You might initially assume that these are the words of a proud parent and that the child is an achiever in the worldly sense of the term. Yes, every child is an achiever in their own way; but the special gifts that every child brings into the lives of their parents are much more meaningful than mere achievements.
The early years:
When Abhi was a toddler and composed tiny poems about Nature, we nick-named him “sunflower” to reflect the innocence and sheer joie de vivre that he expressed at every waking moment. We felt humbled and awed by the fact that this trusting little soul had chosen us to participate in his quest for meaning, to share his curiosity and to gaze at the world with eyes filled with wonder. When we were with him, we found it easy to brush away the dust of old “has-been’s” and “should be’s”. We shrugged off pre-judged notions of what things ought to be, what fun is supposed to look like, what work truly means. We learned to become child-like again. His easy take on life restored our hope in fellow human beings. His intense love for “all creatures big and small” reminded us about how truly interconnected we all are in the fabric of life. Most of all, his trust made us want to be the kind of people he would look up to.

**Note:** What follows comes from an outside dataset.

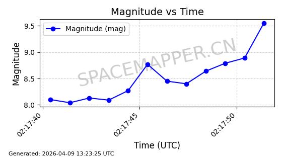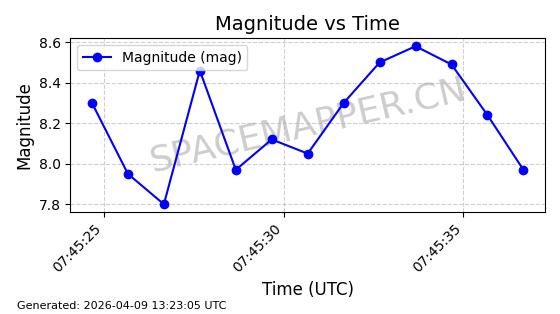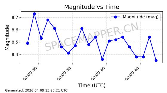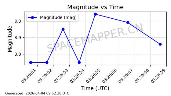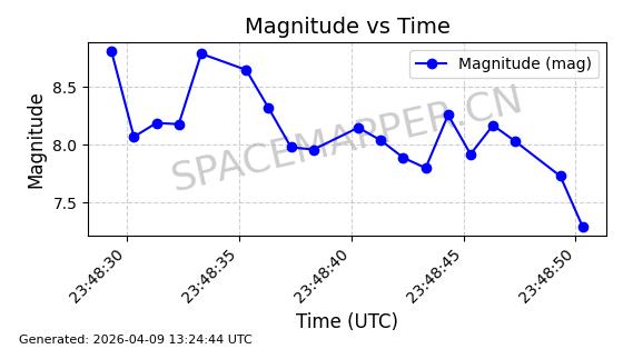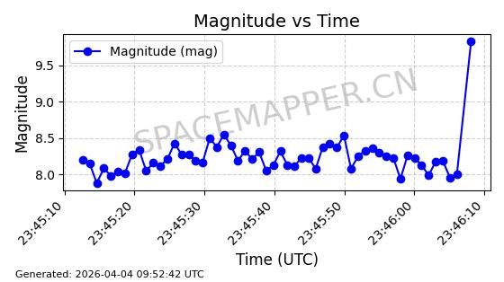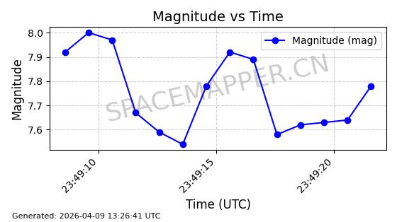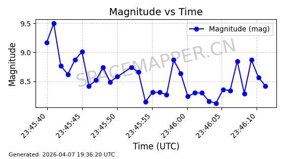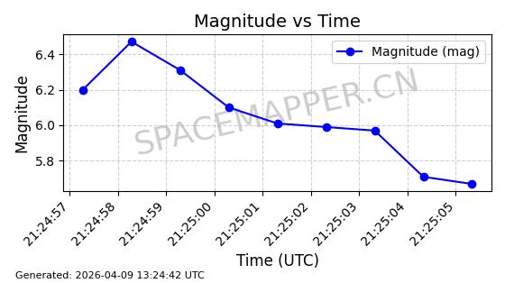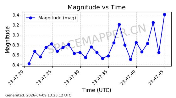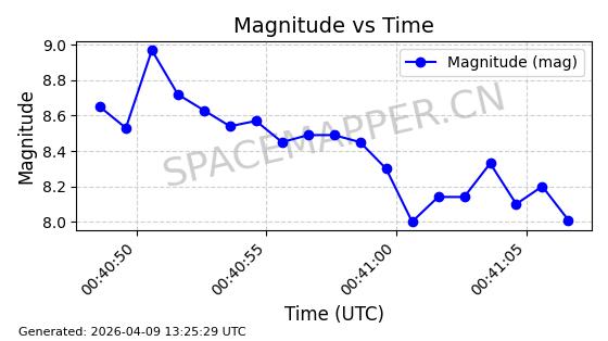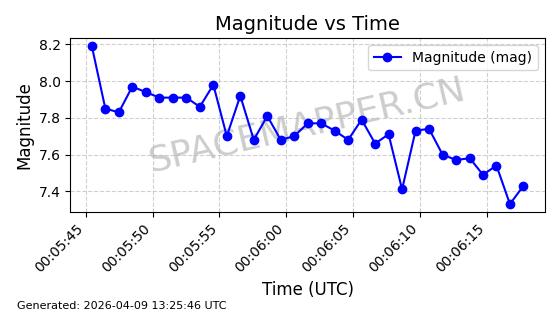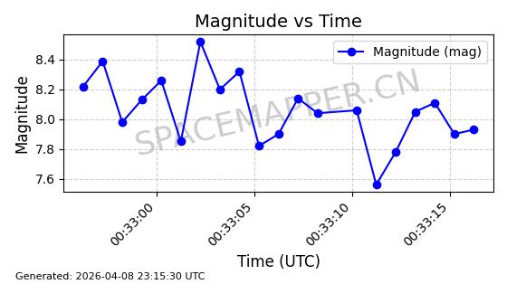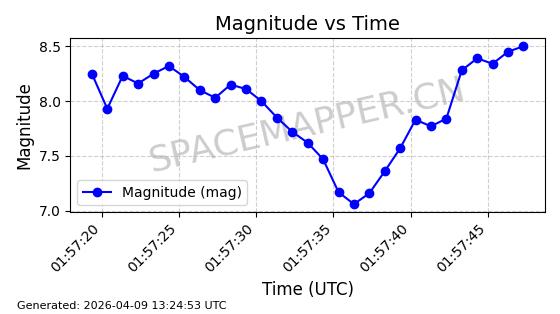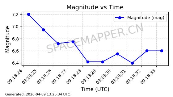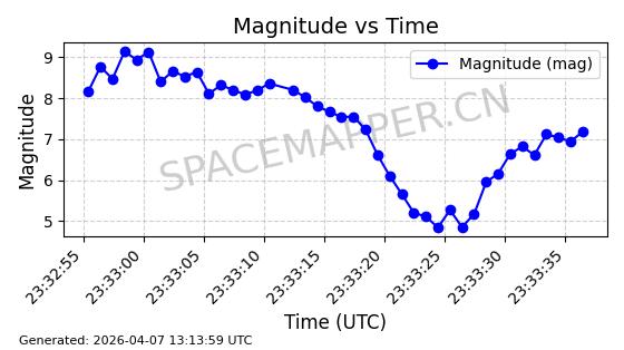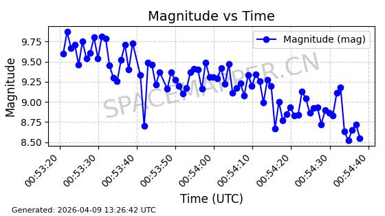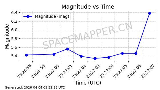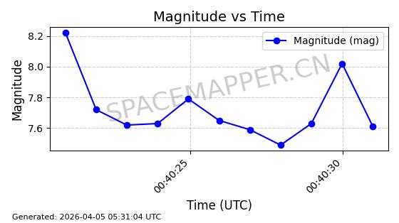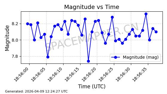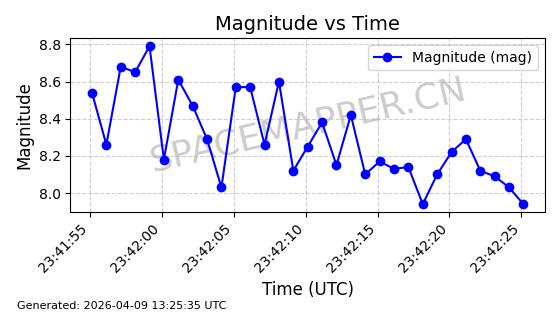 | STARLINK-5644 | 55369 | 55369 | 2023-01-26 同日期轨道 2023-013AQ 同批次轨道 | 在轨 | 95分钟 | 42.9997 | 531.89 | 533.99 | 0.0001518 | 2026-04-08 04:45:10 | ||

“Practice, don’t preach” became a necessary rule to live by.
Over the years:
As the years rolled by, and the toddler grew into a tween and then a teen, we realized just how much we had learned, thanks to him. One kind of learning was the ability to see the world through his eyes – uncompromising, clear and yet optimistic about the future. The other, more subtle kind of learning was related to our role as parents; were we living the truth of everything that we asked him to be and do? We were not just messengers of a message, we WERE the message.
From the pages of the family album – Unbridled joy in the tiniest of things – who better than a child to teach an adult about this?
A debt to our children:
Could it be that as parents we owe a debt to our children, far greater than what is ever imagined or acknowledged? Our children teach us all about trust, faith, patience and pure, unsullied joy. If we are willing to learn, they teach us what unconditional love is all about. And through our interaction with them, we explore the boundaries of our physical, mental and emotional reserves; learning to stretch ourselves to meet the ever-changing challenges that they bring to our lives. From being self-contained adults, we move to a higher, more intense realm of thinking, feeling and being.
Parents – not just givers, but receivers too:
Perhaps parenting is looked upon as an almost overwhelming responsibility because the focus is frequently on the need to give, give…sigh… and give some more. Granted that the axis of one’s life changes forever when children arrive. One learns, perhaps for the first time, to put someone else first. When we pause to take stock of all that we receive; the joys, the learnings, the richness that imbues everyday moments and makes them into cherished memories, parenting seems like a special gift. A privilege granted by the universe. Hence it would not be incorrect to say: Our children make us into better people!